Nothing should appear in the answer except the lines below from the line containing "An official source" through the line containing "فستان سهرة طويل", copied exactly, with pictures left out.

[DATA LISTING]:
((
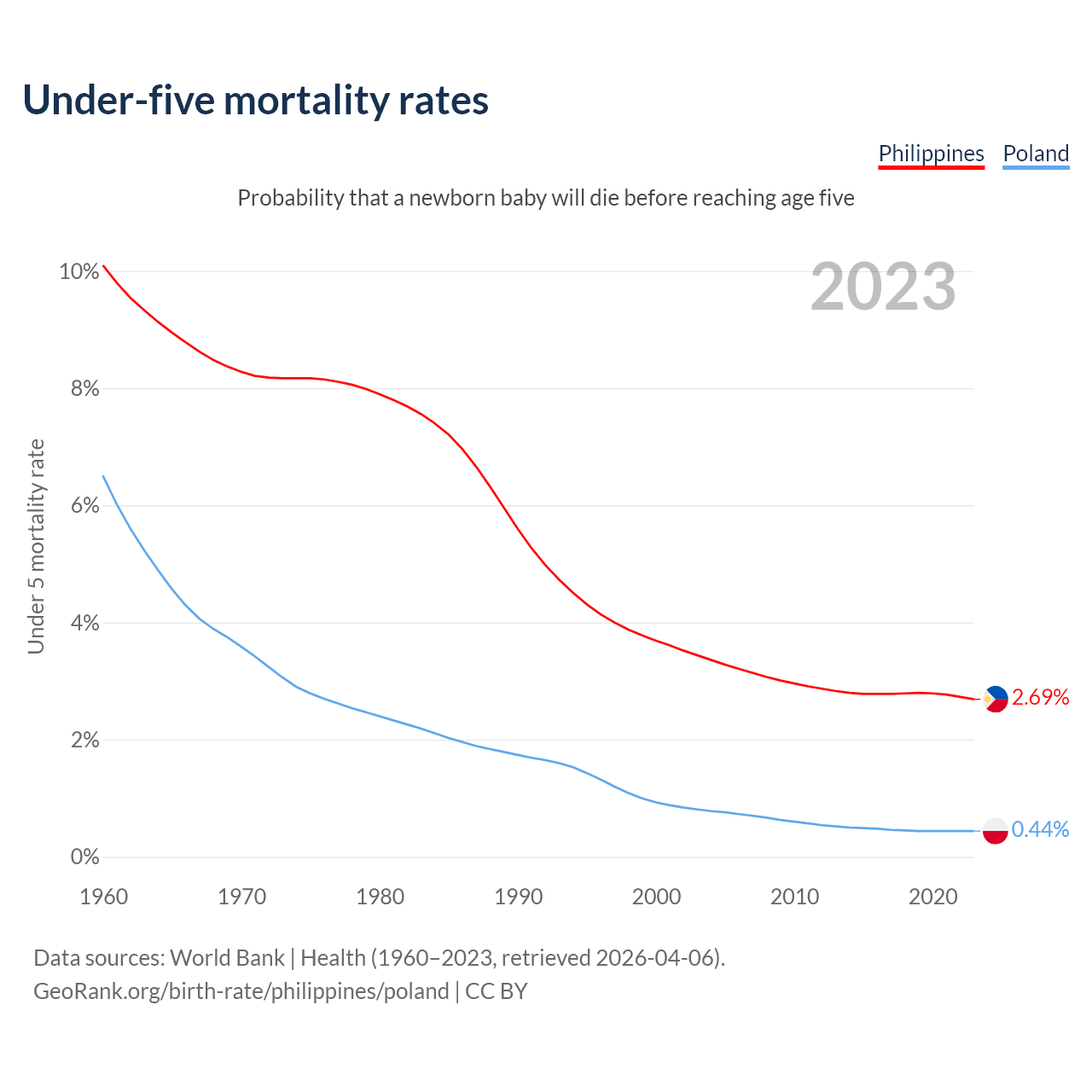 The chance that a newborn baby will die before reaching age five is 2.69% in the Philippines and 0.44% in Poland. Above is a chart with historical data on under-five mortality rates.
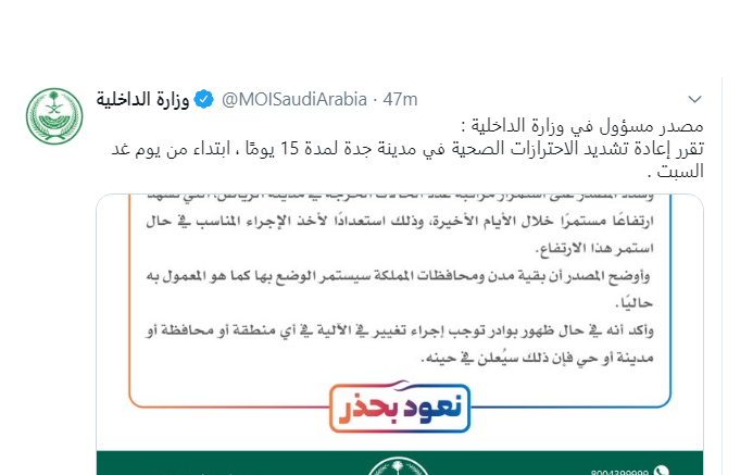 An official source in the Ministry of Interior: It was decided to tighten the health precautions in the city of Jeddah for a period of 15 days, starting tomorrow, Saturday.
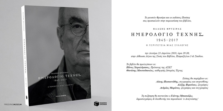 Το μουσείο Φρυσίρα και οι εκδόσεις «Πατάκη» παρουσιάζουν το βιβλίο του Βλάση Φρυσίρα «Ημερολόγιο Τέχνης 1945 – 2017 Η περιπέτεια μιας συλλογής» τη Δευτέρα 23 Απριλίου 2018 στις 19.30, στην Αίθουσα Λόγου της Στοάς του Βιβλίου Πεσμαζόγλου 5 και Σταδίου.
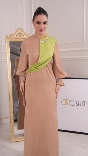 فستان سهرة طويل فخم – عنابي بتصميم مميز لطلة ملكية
))
((
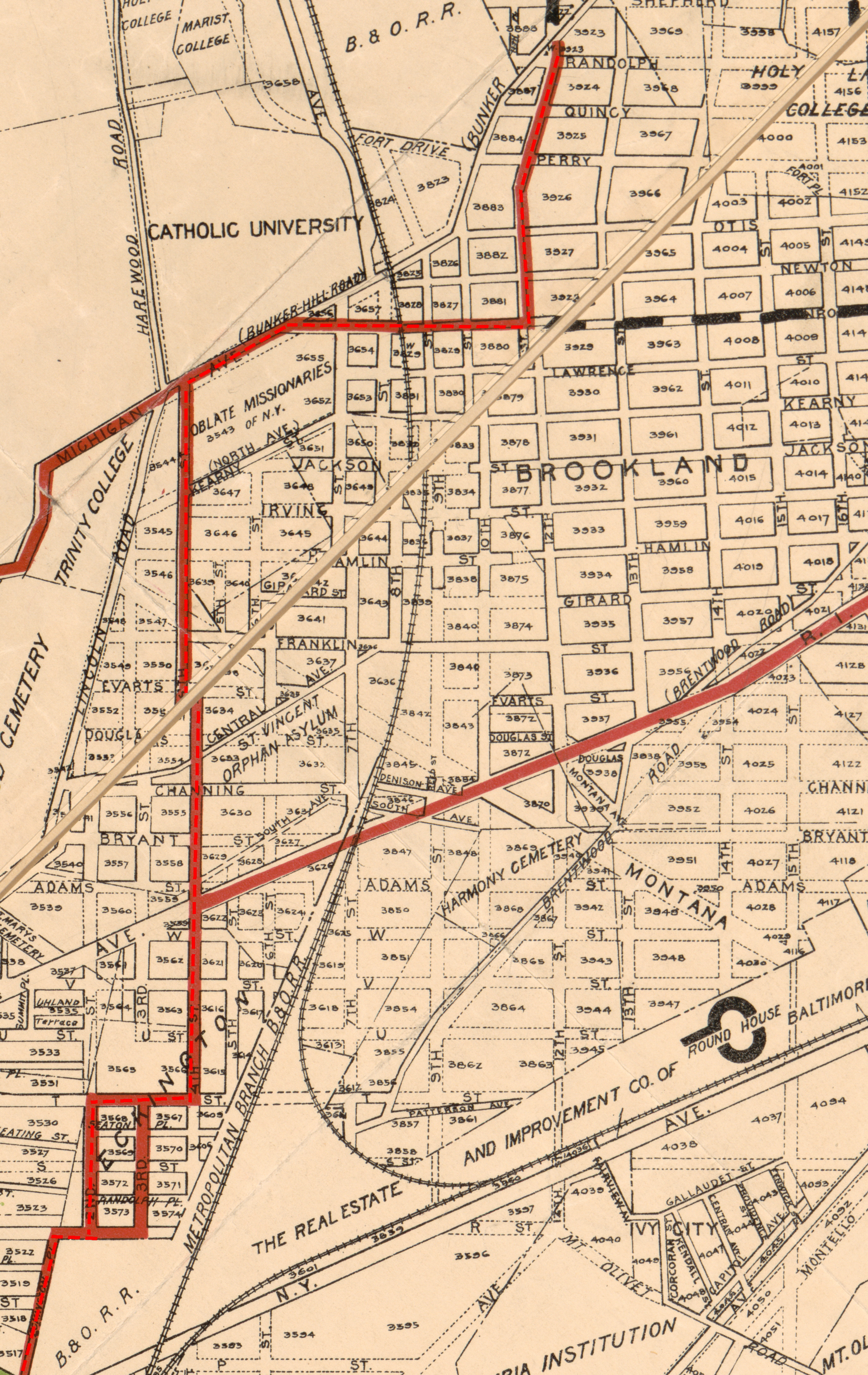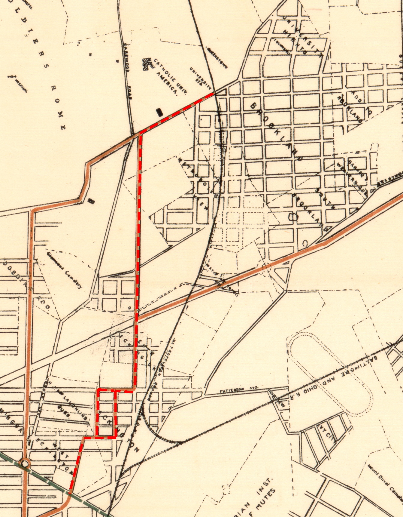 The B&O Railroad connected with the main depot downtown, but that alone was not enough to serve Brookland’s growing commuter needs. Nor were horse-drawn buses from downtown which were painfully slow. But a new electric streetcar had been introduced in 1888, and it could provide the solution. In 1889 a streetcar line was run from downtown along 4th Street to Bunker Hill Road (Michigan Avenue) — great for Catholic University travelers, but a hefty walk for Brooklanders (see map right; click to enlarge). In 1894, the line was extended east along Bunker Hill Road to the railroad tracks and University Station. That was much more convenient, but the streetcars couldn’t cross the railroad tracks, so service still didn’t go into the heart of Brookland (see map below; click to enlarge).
))
[EXERCISE OUTPUT]:
 An official source in the Ministry of Interior: It was decided to tighten the health precautions in the city of Jeddah for a period of 15 days, starting tomorrow, Saturday.
 Το μουσείο Φρυσίρα και οι εκδόσεις «Πατάκη» παρουσιάζουν το βιβλίο του Βλάση Φρυσίρα «Ημερολόγιο Τέχνης 1945 – 2017 Η περιπέτεια μιας συλλογής» τη Δευτέρα 23 Απριλίου 2018 στις 19.30, στην Αίθουσα Λόγου της Στοάς του Βιβλίου Πεσμαζόγλου 5 και Σταδίου.
 فستان سهرة طويل فخم – عنابي بتصميم مميز لطلة ملكية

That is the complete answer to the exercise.